Lung-MAP (multiple trials)
Lung-MAP (SWOG S1400) is a multidrug, multi-substudy, biomarker-driven squamous cell lung cancer clinical trial that uses state-of-the-art genomic profiling to match patients to substudies testing investigational treatments that may target the genomic alterations, or mutations, found to be driving the growth of their cancer.
ID: NCT02154490, NCT02595944, NCT02766335, NCT02785913, NCT02785939, NCT02926638, NCT02965378, NCT03373760, NCT03377556
Sponsor: Southwest Oncology Group
Locations: VA Connecticut Healthcare System-West Haven Campus; Hines VA Hospital, Illinois; Richard L. Roudebush VAMC, Indianapolis, Indiana; Ann Arbor VAMC, Michigan; Kansas City VAMC, Missouri; VA New Jersey Health Care System, East Orange; Michael E. DeBakey VAMC Houston, Texas
ALCHEMIST: Adjuvant Lung Cancer Enrichment Marker Identification and Sequencing Trials (multiple trials)
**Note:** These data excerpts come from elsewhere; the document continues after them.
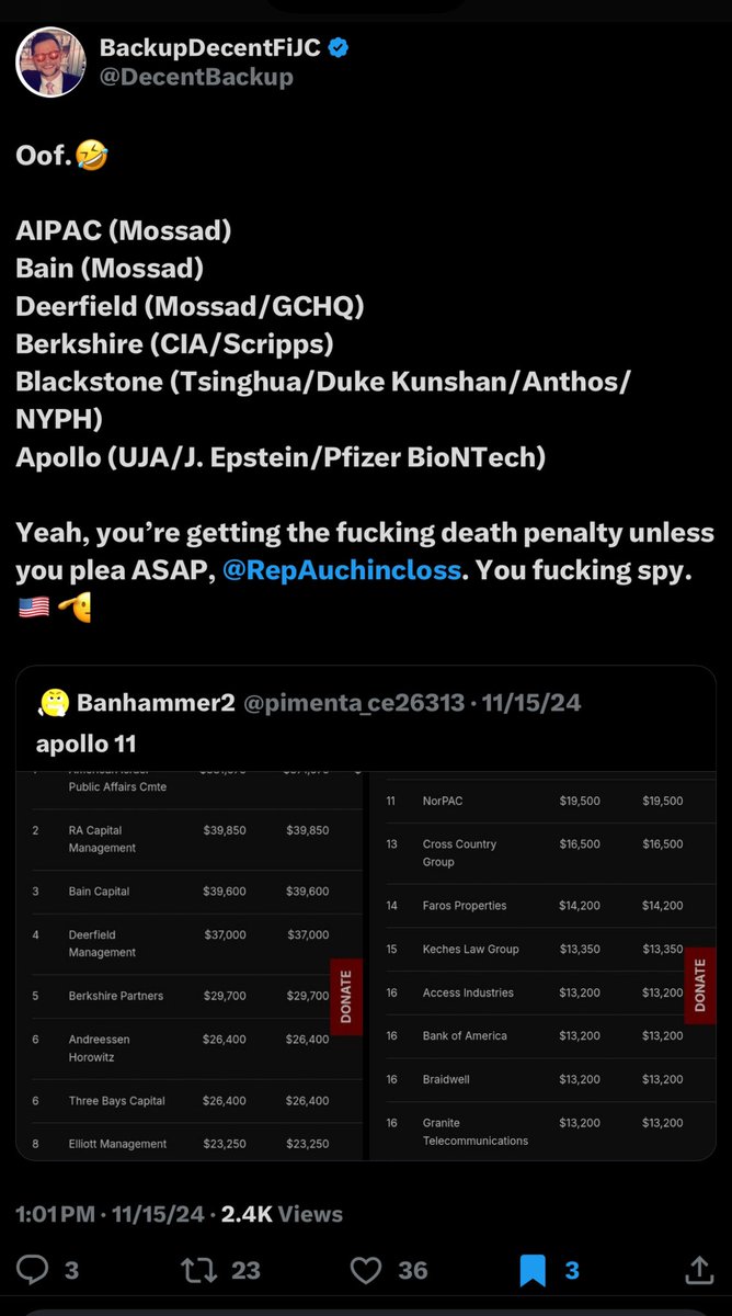 See if y’all recognize any of these donors to Rep. Jake Auchincloss, the son of HUGH AUCHINCLOSS: 1. AIPAC🤣 3. BAIN & COMPANY🤣 4. DEERFIELD MANAGEMENT (Somatus, Mt Sinai)🤣 5. BERKSHIRE (Scripps/CIA/Buffett)🤣 6. ANDREESSEN HOROWITZ 9. BLACKSTONE GROUP🤣 11. APOLLO GLOBAL MANAGEMENT🤣
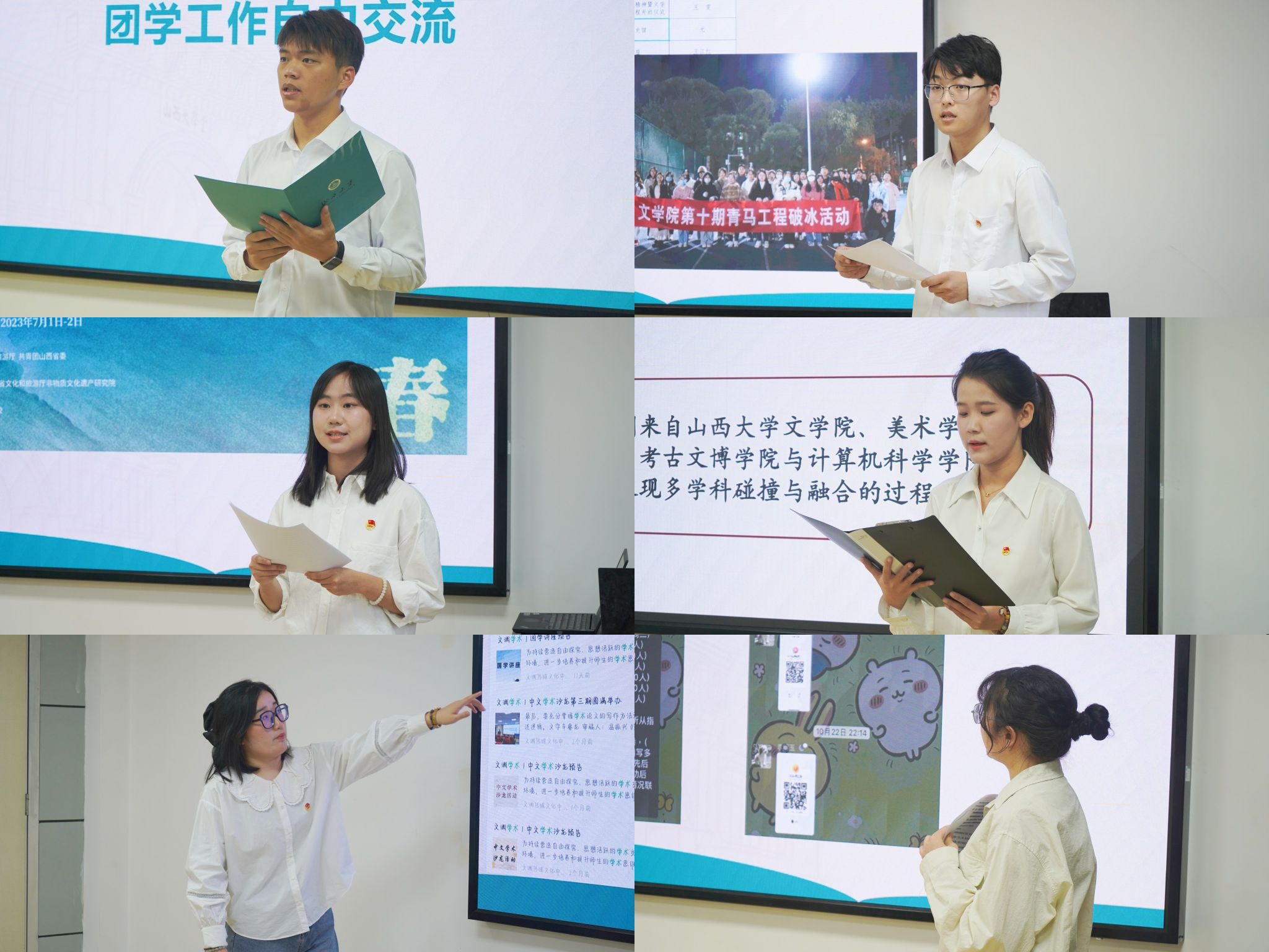 山西大学文学院学生团委副书记任书轩从团学制度、基层支部、青马活动、团学阅读栏目四个方面分享了文学院长期以来的团学建设工作成果。山西大学文学院学生会主席团成员吴月佳介绍了山西大学文学院学生会的工作情况,从学生会组织架构与工作出发,重点介绍了由文学院承办的2023年山西省大学生“非遗正青春”校园演说大赛和华北五省(市、自治区)大学生人文知识竞赛这两个大型比赛活动以及取得的工作成效。其中,山西大学“五龙寻梦”创业创新团队负责人焦雅馨同学介绍了团队的详细工作:在初识五龙中讲述创作初衷和调研故事,在多彩五龙中介绍团队开发的一系列产品,在数字五龙中解读数字平台的出发点和立足点,在聆听五龙和遇见五龙中讲述数字化传承与创新。山西大学文学院青年媒体中心李旸就最近的工作安排,从下设部门和工作风采总结了青年媒体中心长期以来改革探索出来的工作体质和方法,向大家分享了一些工作中的有益经验。山西大学文学院青年志愿者协会负责人郭冬雪则详细介绍了青年志愿者协会的下设部门及其基本的工作职能和举办的特色活动。
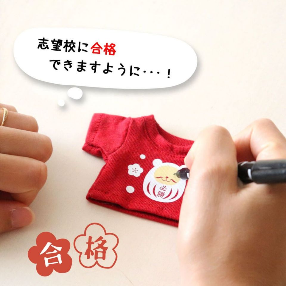 セット内容 だるま必勝Tシャツ着用合格祈願ベア1体、商品説明リーフレット
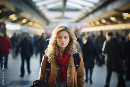 In a busy train station, a confident woman stands on the bustling platform, meeting the camera's gaze amidst a sea of hurried commuters and the urban pulse of city life
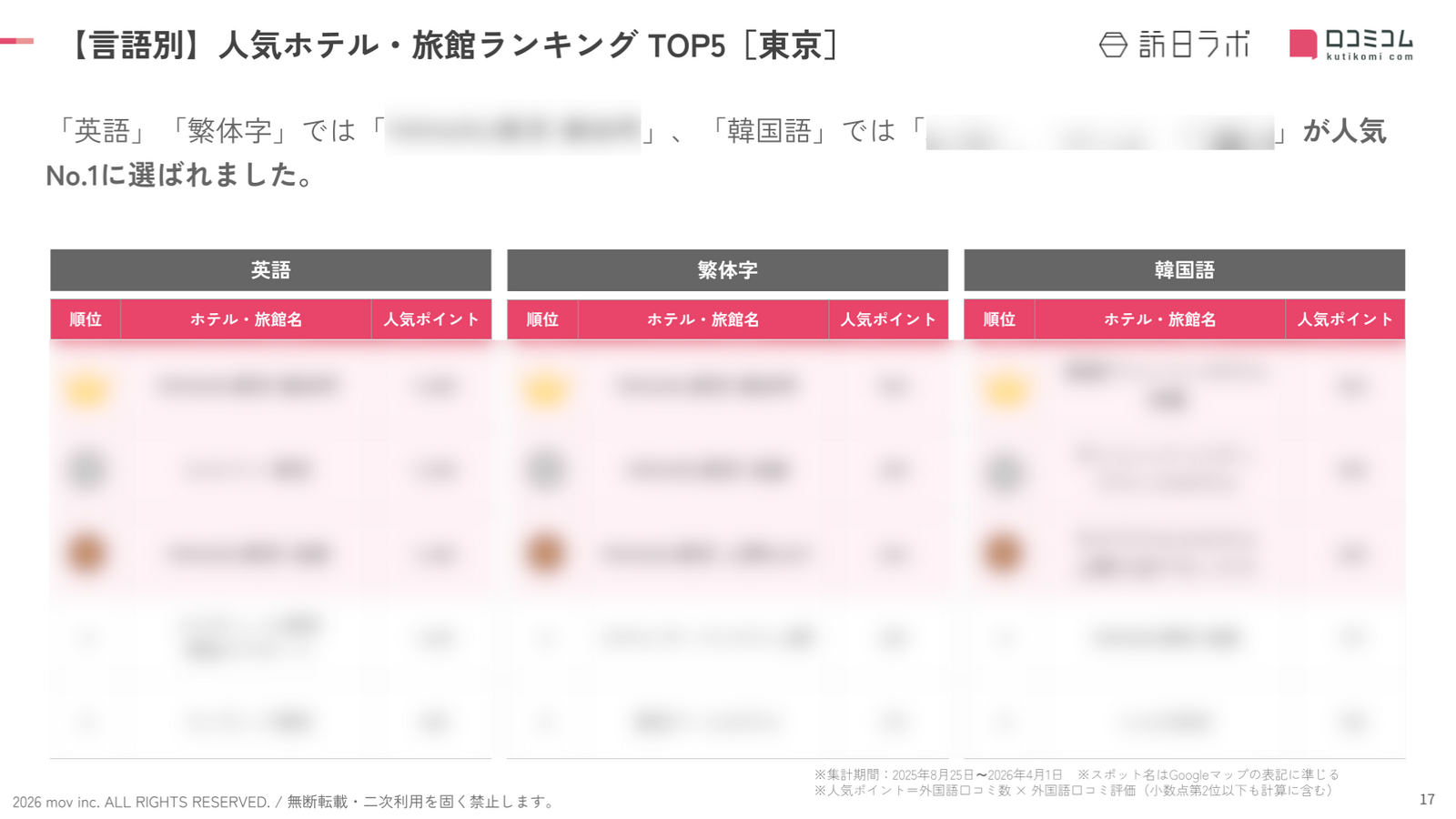 各言語圏での人気ホテル・旅館は、レポートにてご確認ください。
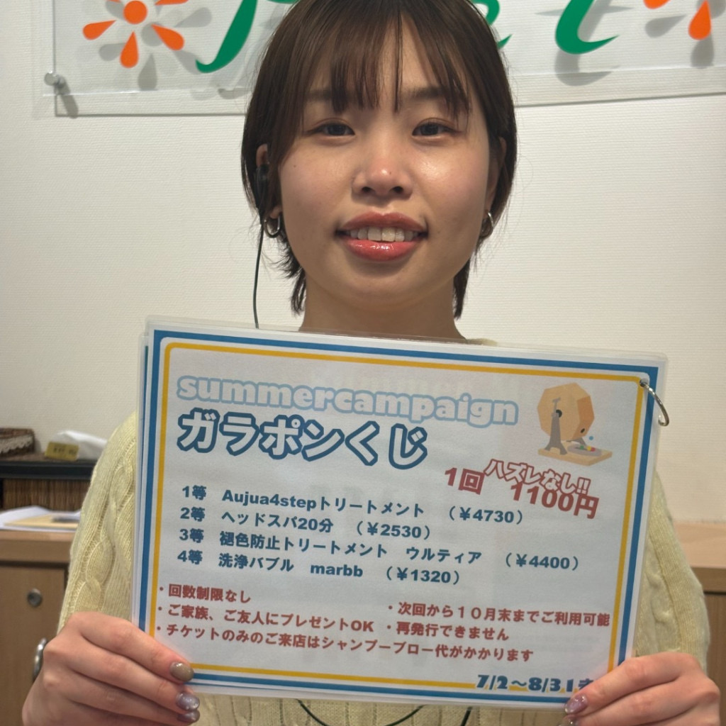 キャンペーン第三弾は ハズレなしのガラポンくじ!! 1回1100円で当たるのはなんと…!!! 1等 Aujua4stepトリートメント(通常4730円) 2等 ヘッドスパ20分(通常2530円) 3等 退色防止ウルティアトリートメント(通常4400円) 4等 洗浄バブル marbb(通常1320円) 超豪華ラインナップになっております☆ 【注意事項】 ・回数制限なし ・ご家族、ご友人にプレゼントOK ・次回から10月末までご利用可能。 ・期限を過ぎると利用不可 ・再発行無し ・チケットのみのご来店はシャンプーブロー代がかかります。
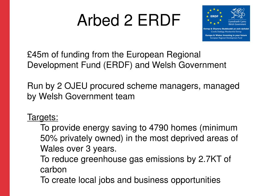 Arbed 2 ERDF • £45m of funding from the European Regional Development Fund (ERDF) and Welsh Government • Run by 2 OJEU procured scheme managers, managed by Welsh Government team • Targets: • To provide energy saving to 4790 homes (minimum 50% privately owned) in the most deprived areas of Wales over 3 years. • To reduce greenhouse gas emissions by 2.7KT of carbon • To create local jobs and business opportunities
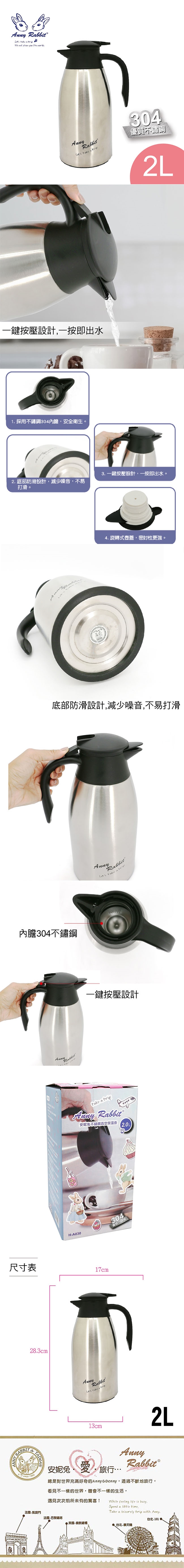 安妮兔 304不鏽鋼真空保溫壺2L H-A030

A group of randomized clinical trials for patients with early-stage non-small cell lung cancer whose tumors have been completely removed by surgery.
ID: NCT02193282, NCT02194738, NCT02201992, NCT02595944
Sponsor: National Cancer Institute
Locations: Little Rock VAMC, Arkansas; VA Connecticut Healthcare System West Haven Campus; Atlanta VAMC, Decatur, Georgia; Hines VA Hospital, Illinois; Richard L. Roudebush VAMC, Indianapolis, Indiana; Minneapolis VAMC, Minnesota; Saint Louis VAMC, Missouri; Veterans Affairs New York Harbor Healthcare System-Brooklyn Campus; Dayton VAMC, Ohio; William S. Middleton VAMC, Madison, Wisconsin
Veterans Affairs Lung Cancer Or Stereotactic Radiotherapy (VALOR)
The standard of care for stage I non-small cell lung cancer has historically been surgical resection in patients who are medically fit to tolerate an operation. Recent data now suggests that stereotactic radiotherapy may be a suitable alternative. This includes the results from a pooled analysis of two incomplete phase III studies that reported a 15% overall survival advantage with stereotactic radiotherapy at 3 years. While these data are promising, the median follow-up period was short, the results underpowered, and the findings were in contradiction to multiple retrospective studies that demonstrate the outcomes with surgery are likely equal or superior. Therefore, the herein trial aims to evaluate these two treatments in a prospective randomized fashion with a goal to compare the overall survival beyond 5 years. It has been designed to enroll patients who have a long life-expectancy, and are fit enough to tolerate an anatomic pulmonary resection with intraoperative lymph node sampling.
ID: NCT02984761
Sponsor: VA Office of Research and Development
Locations: Edward Hines Jr. VA Hospital, Hines, Illinois; Richard L. Roudebush VA Medical Center, Indianapolis, Indiana; Minneapolis VA Health Care System, Minnesota; Durham VAMC, North Carolina; Michael E. DeBakey VAMC, Houston, Texas; Hunter Holmes McGuire VA Medical Center, Richmond, Virginia
Naloxegol in Treating Patients With Stage IIIB-IV Non-Small Cell Lung Cancer
This randomized pilot clinical trial studies the side effects and best dose of naloxegol and to see how well it works in treating patients with stage IIIB-IV non-small cell lung cancer. Naloxegol may relieve some of the side effects of opioid pain medication and fight off future growth in the cancer.
ID: NCT03087708
Sponsor: Alliance for Clinical Trials in Oncology
Locations: Minneapolis VAMC, Minnesota; Kansas City VAMC, Missouri; VA Western New York Health Care System-Buffalo; Salisbury VAMC, North Carolina
Palliative Care Interventions for Outpatients Newly Diagnosed With Lung Cancer: Phase II (PCI2)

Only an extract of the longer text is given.